One of the most intriguing aspects of our conversation was IMSE’s potential beyond automotive. “Smart homes, consumer electronics, and even aviation could benefit from this technology,” Paavo said. “In aircraft, every gram matters, and our technology significantly reduces weight.” He shared an example from Finland’s national airline, which recently removed in-flight magazines to save weight. “If they’re making changes that small to improve efficiency, imagine the impact of reducing the weight of every electronic component.”

Paavo also highlighted the sustainability benefits of IMSE. “Because it’s an additive process, we only use the material we need,” he said. “Traditional PCB manufacturing involves etching away excess copper, which creates waste. With IMSE, we print only what’s necessary.” Lifecycle analyses have shown that IMSE components have a lower carbon footprint than conventional electronics, thanks to reduced material use and streamlined production processes.

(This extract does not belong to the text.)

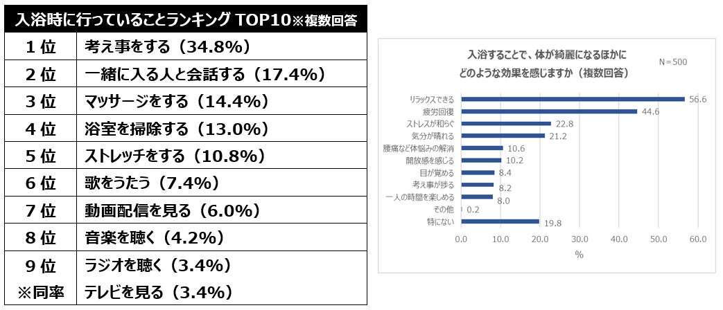 入浴時に体を洗うほかに行っていることについてランキングにしたところ、1位は「考え事をする(34.8%)」、2位は「一緒に入る人と会話する(17.4%)」、3位は「マッサージをする(14.4%)」という結果になり、自分自身と向き合ったり人と会話をしたりする場所として、入浴時間を活用している人が多い傾向がうかがえました。また、入浴時にどのような効果を感じるか聞いてみたところ、過半数が「リラックスできる(56.6%)」と回答。「疲労回復(44.6%)」や「ストレスが和らぐ(22.8%)」などの回答も多く、入浴時間は心身ともに安らげる時間と言えそうです。

Of course, I had to ask about end-of-life concerns—what happens when an IMSE component reaches the end of its use? Paavo acknowledged that this is still a challenge but one they’re actively working on. “Right now, the standard “recycling” process involves incineration of plastics into energy and recovering the metals such as silver,” he said. “But we’re collaborating with research centers to investigate novel recycling methods, so that both plastics and electronics can be efficiently recycled. Additionally, in Horizon Europe project UNICORN we are collaborating together with partners on developing materials to discriminate plastics and electronics prior recycling”

In addition to energy recovery, TactoTek is working on new recycling methods to further enhance sustainability. “We are investigating ways to break down the plastic components and repurpose them into new products rather than just incinerating them,” Paavo explained. “The goal is to create a circular lifecycle where IMSE components are not just disposed of, but truly reused in a meaningful way.”

He also noted that IMSE technology’s integration into automotive manufacturing aligns with the sustainability goals of many major OEMs. “Automakers are under increasing pressure to meet strict environmental regulations,” he said. “Our technology helps reduce material waste, energy consumption, and even emissions associated with transportation and assembly.”

As our conversation wrapped up, we touched on how IMSE could change the way manufacturers and suppliers think about their businesses. “Right now, harness manufacturers see themselves as suppliers of wires,” I suggested. “But really, they should be thinking about themselves as manufacturers of systems that deliver power and signal—whether through wires or through something like IMSE.” Paavo expressed agreement. “Exactly,” he said. “This isn’t just about a new product; it’s about a shift in how we think about electronics integration.”

For now, automotive remains the key focus for TactoTek, but with IMSE proving its worth in that rigorous industry, it’s only a matter of time before it spreads to other sectors. Whether it’s in your next car, home appliance, or even the airplane seat in front of you, chances are you’ll be seeing more of this technology soon.